Chinese Premier Li Qiang’s recent visits to Saudi Arabia and the UAE have marked a significant step towards strengthening economic cooperation with two of the Gulf region’s wealthiest nations. The visits focused on expanding collaboration in traditional sectors like oil and gas, while forging new ties in critical emerging industries, including new energy, electric vehicles (EVs), and digital economy initiatives.
The deepening of ties with these Gulf countries is part of China’s broader strategy to cement its influence in the Middle East, a region undergoing a transformative shift toward economic diversification and sustainable development. Premier Li’s emphasis on new energy partnerships aligns with the Gulf Cooperation Council (GCC) nations’ ambitions to reduce dependence on fossil fuels and invest in renewable energy.
Strengthening the new energy partnership
During his 4-day trip, Li met with UAE President Sheikh Mohamed bin Zayed Al Nahyan and Saudi Crown Prince Mohammed bin Salman, pledging to enhance cooperation in several high-growth sectors.
Of particular importance is the burgeoning field of new energy, which Li and the Gulf leaders agreed is “crucial” to the future of the Middle Eastern economy. As these nations work toward long-term energy transition goals, China’s expertise in green technologies and renewable energy will play a key role.

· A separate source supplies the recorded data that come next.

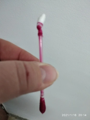 Удобная походная штучка, цвет именно такой, как и хотела, вишня. Звезду сняла за то, что наполнитель не сразу перетекает к правильному тампону, а немного красит и тот, который сломан. Потом неудобно держать, т.к. помада красит пальцы. Не липнет, не даёт ощущения постороннего вещества на губах — нормальный жидкий тинт.
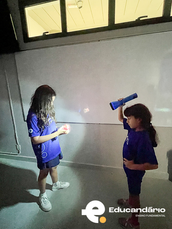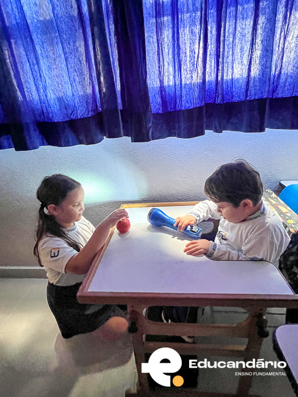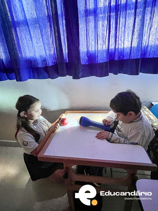 De forma simples e visual, as crianças puderam compreender como acontecem o dia e a noite, percebendo que enquanto um lado da “Terra” recebe luz, o outro permanece no escuro. Foi um momento de muita curiosidade, participação e aprendizado prático!
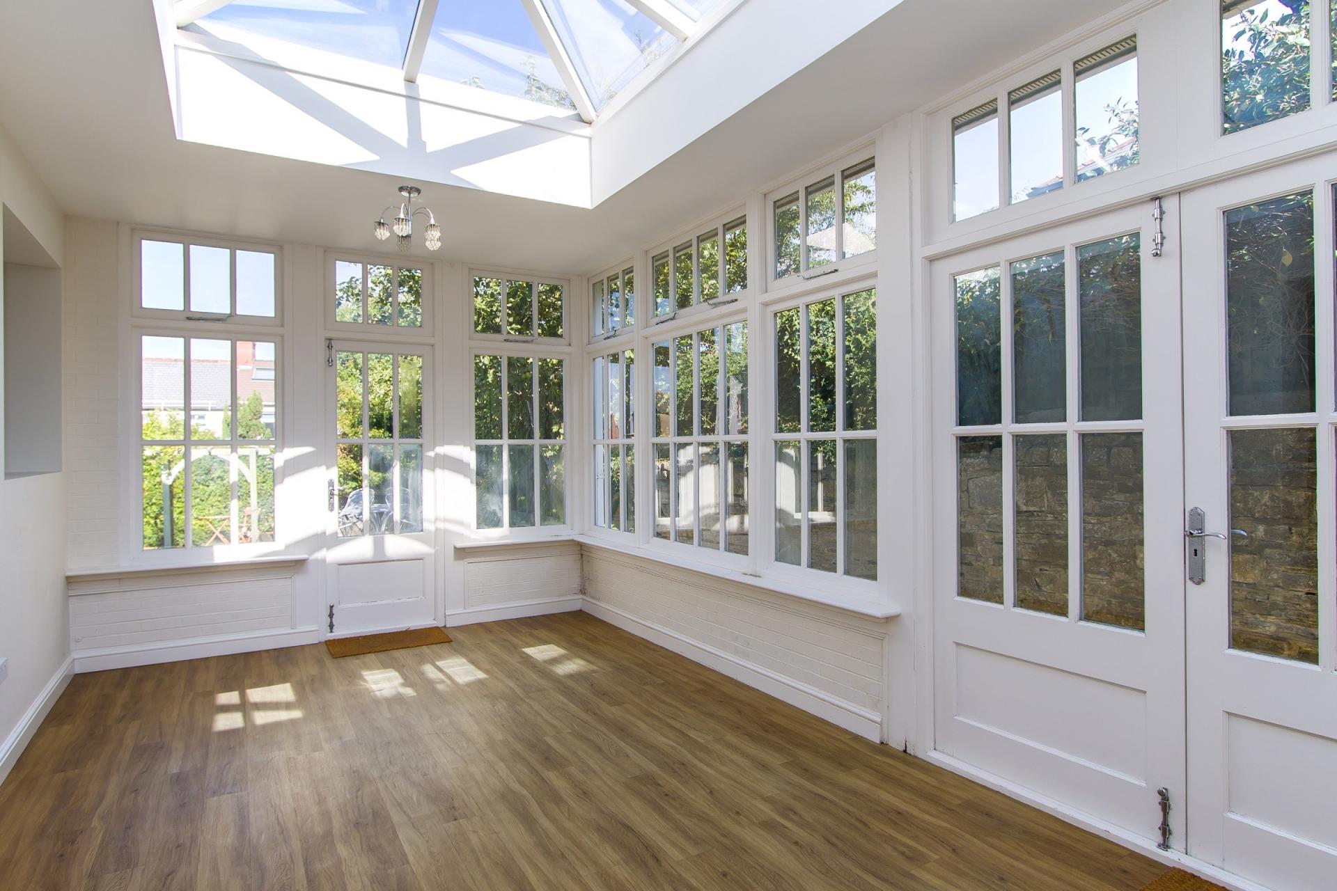 An impressive additional living space off the kitchen and with direct access into the garden. LVT flooring. Wooden double glazed doors and windows to the sides and roof. Power points.
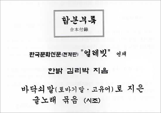 ▲ 인터넷 한국문화신문 '얼레빗'에 실린 토바기말(토박이말) 시조 모음 부록 표지
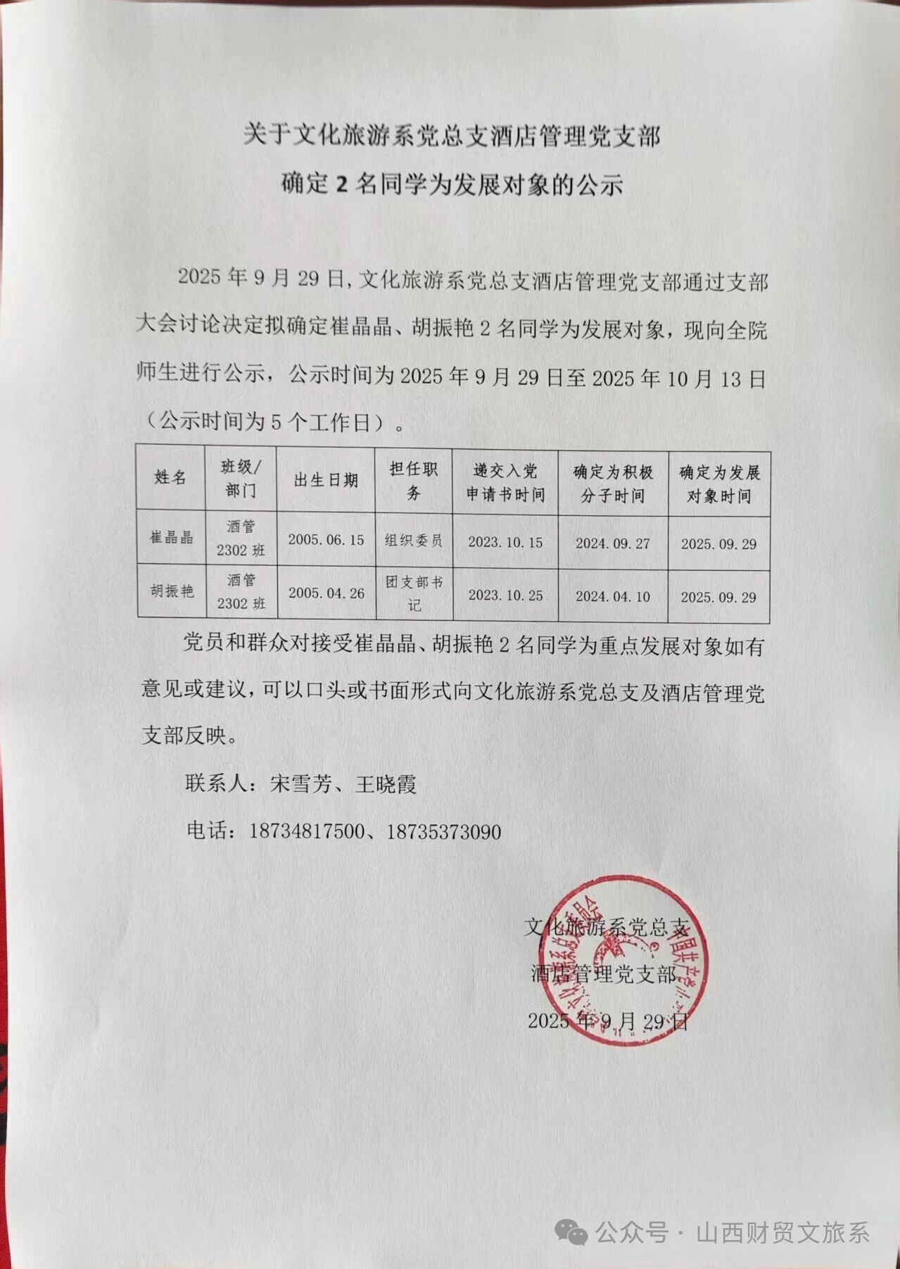 关于文化旅游系党总支酒店管理党支部确定2名同学为发展对象的公示

China, a global leader in solar power and EV production, is well-positioned to support the UAE and Saudi Arabia in their renewable energy pursuits. The UAE, already home to the world’s largest single-site solar power plant – a flagship project under Beijing’s Belt and Road Initiative (BRI) – is expected to be a major partner in China’s push to export its green technologies to the Middle East.
The EV sector also stands to benefit from this collaboration. Leading Chinese EV manufacturers like BYD and Nio have already entered the UAE market, capitalizing on the country’s infrastructure and growing demand for sustainable transportation solutions. This is expected to further enhance China’s dominance in the global EV market while offering the UAE valuable expertise in reducing its carbon footprint.
Expanding trade and investment horizons
Beyond energy, Premier Li’s trip highlighted the growing trade ties between China and the Gulf nations. Bilateral trade between China and the UAE reached a record-breaking US$50 billion in the first half of 2024, showcasing the strength of economic cooperation. Meanwhile, Chinese investments in the UAE surged by over 16 percent to US$1.3 billion last year, and the UAE reciprocated with investments in China growing by 120 percent.
In fact, the UAE’s investments accounted for 90 percent of all Arab investment into China in 2023 while China’s investments in the UAE represented 60 percent of China’s total investment in Arab countries.
In Saudi Arabia, Li emphasized collaboration in petrochemicals and infrastructure construction but also called for expanding cooperation in the digital economy and green technologies. These areas are aligned with Saudi Arabia’s Vision 2030, an ambitious plan to diversify the kingdom’s economy beyond oil.
Free trade agreement with GCC
Li’s trip also revived discussions around the long-awaited China-GCC free trade agreement. The agreement, which has been in talks for years, is seen as a critical component of China’s broader Middle Eastern strategy. According to Wen Shaobiao, a Middle East affairs specialist, the free trade deal would not only facilitate deeper economic ties but also serve as a cornerstone project for China’s Belt and Road Initiative in the region.
Both China and the GCC nations are keen on concluding the agreement to drive mutual economic benefits. For the Gulf countries, this is an opportunity to attract more Chinese investment into emerging sectors such as green energy and high-tech manufacturing. For China, it offers a chance to further solidify its presence in the Middle East, a region of strategic importance for trade and energy security.
In the Middle East, the UAE is China’s second-largest trading partner, the largest export market, and the third-largest market for Chinese engineering projects.
Treading a path to achieve mutual growth
Premier Li’s visits to Saudi Arabia and the UAE underscore the mutual commitment to enhancing cooperation in both traditional and emerging sectors. With both countries looking to diversify their economies, the collaboration between China and the Gulf states presents a promising opportunity to jointly build new growth points in industries like new energy, digital economy, and high-end manufacturing.
As China continues to strengthen its Belt and Road projects in the region, businesses from both nations are encouraged to seize the moment and capitalize on these new opportunities. The integration of the Gulf countries into global supply chains through partnerships with China is expected to unlock substantial economic benefits, creating a foundation for sustainable and diversified growth in the Middle East.
The future of China-Gulf relations looks bright, as deeper economic collaboration paves the way for long-term prosperity. By aligning development strategies, the two regions are well-positioned to take advantage of the new opportunities offered by their shared vision for a greener, more sustainable future.